Supplied material ->
>>

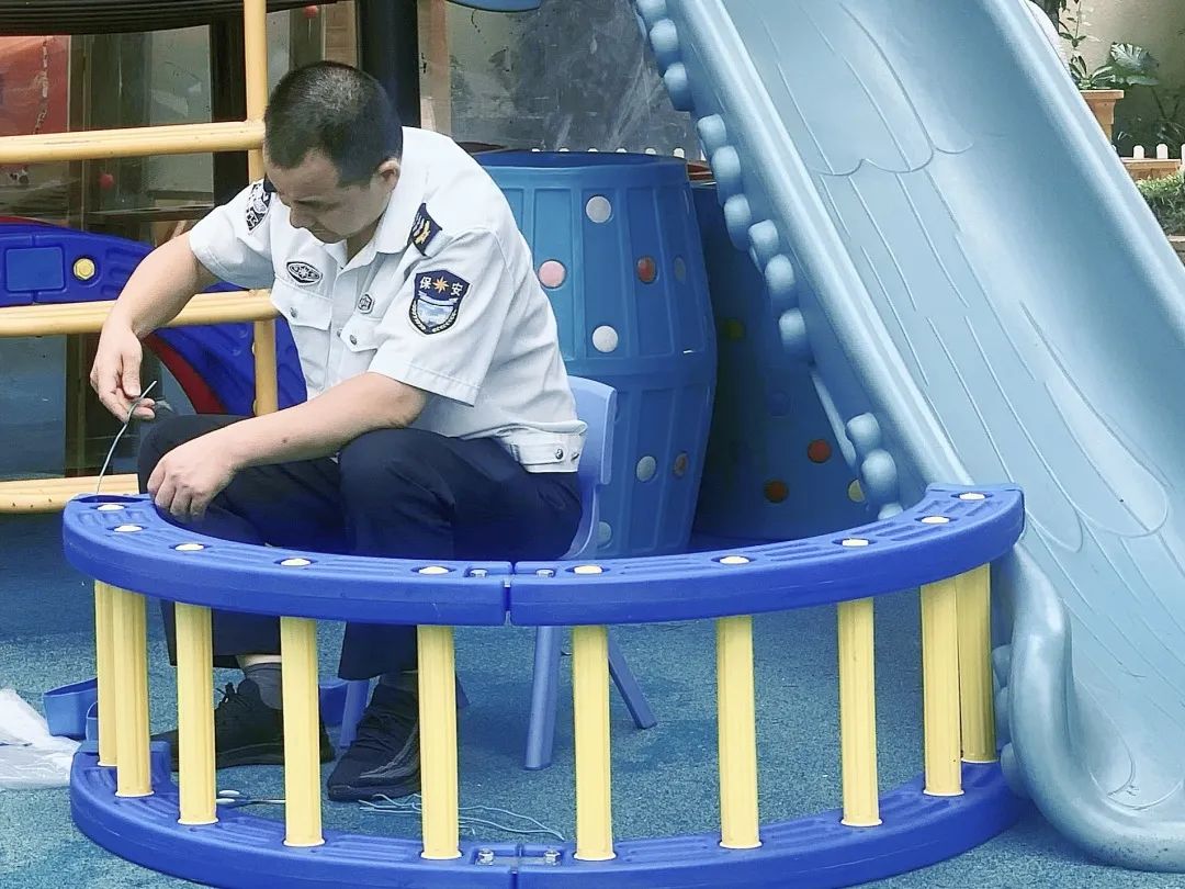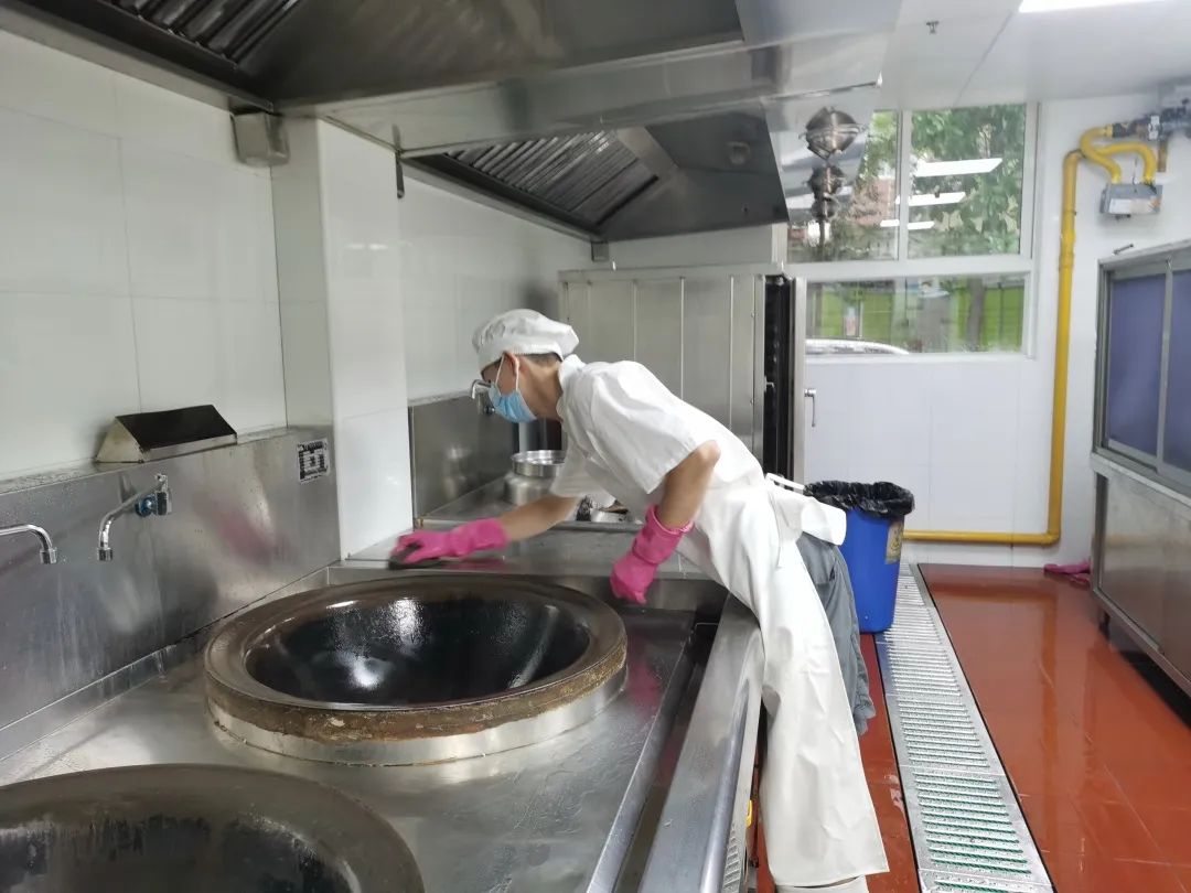 顶着酷暑,保育员们认真打扫卫生,清扫室内外每一个角落;保洁、保安们把体育器械里里外外进行了清洗,对各类玩具设施进行了安全大检查;厨房工作人员也扫、抹、擦、洗、冲,干劲十足。
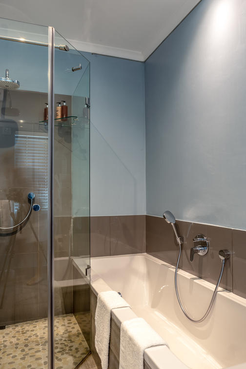 The new Villa offers two (2) contemporary decorated double Patio Deluxe Rooms (No.12 & 13) on the ground floor, with king size bed or twin beds. Each with their own en-suite bathroom, with bath and separate shower. Separate entrance with private patio. These 2 rooms can be combined as the Patio Deluxe Family Suite.
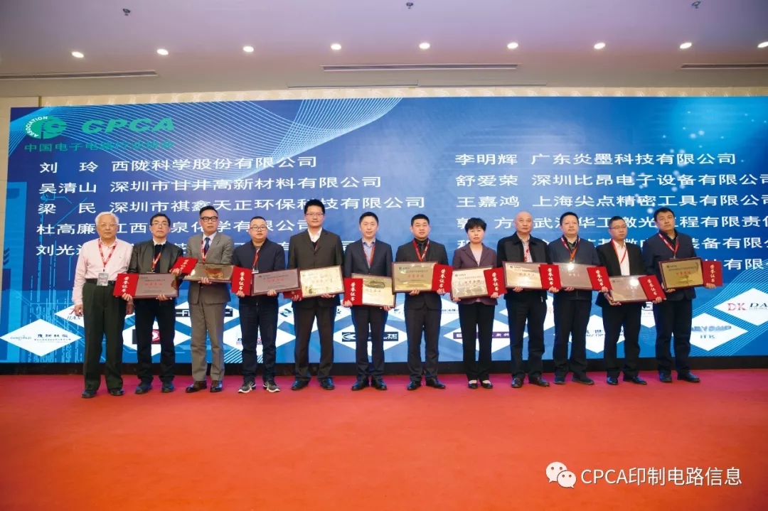 CPCA莫少山名誉理事长、王龙基名誉秘书长为新增补理事广东炎墨科技有限公司李明辉、深圳比昂电子设备有限公司舒爱荣、上海尖点精密工具有限公司王嘉鸿、武汉华工激光工程有限责任公司郭方、合肥芯碁微电子装备有限公司程卓、江苏智微新材料科技有限公司陆明森、西陇科学股份有限公司刘玲、深圳市甘井高新材料有限公司吴清山、深圳市祺鑫天正环保科技有限公司梁民、江西博泉化学有限公司杜高廉、厦门厦芝科技工具有限公司刘光达颁发证书。

<<

Work to complete -> The line containing "The new Villa" and each line after it through the end of the listing above are to be written out exactly, without the pictures.

Written answer ->
 The new Villa offers two (2) contemporary decorated double Patio Deluxe Rooms (No.12 & 13) on the ground floor, with king size bed or twin beds. Each with their own en-suite bathroom, with bath and separate shower. Separate entrance with private patio. These 2 rooms can be combined as the Patio Deluxe Family Suite.
 CPCA莫少山名誉理事长、王龙基名誉秘书长为新增补理事广东炎墨科技有限公司李明辉、深圳比昂电子设备有限公司舒爱荣、上海尖点精密工具有限公司王嘉鸿、武汉华工激光工程有限责任公司郭方、合肥芯碁微电子装备有限公司程卓、江苏智微新材料科技有限公司陆明森、西陇科学股份有限公司刘玲、深圳市甘井高新材料有限公司吴清山、深圳市祺鑫天正环保科技有限公司梁民、江西博泉化学有限公司杜高廉、厦门厦芝科技工具有限公司刘光达颁发证书。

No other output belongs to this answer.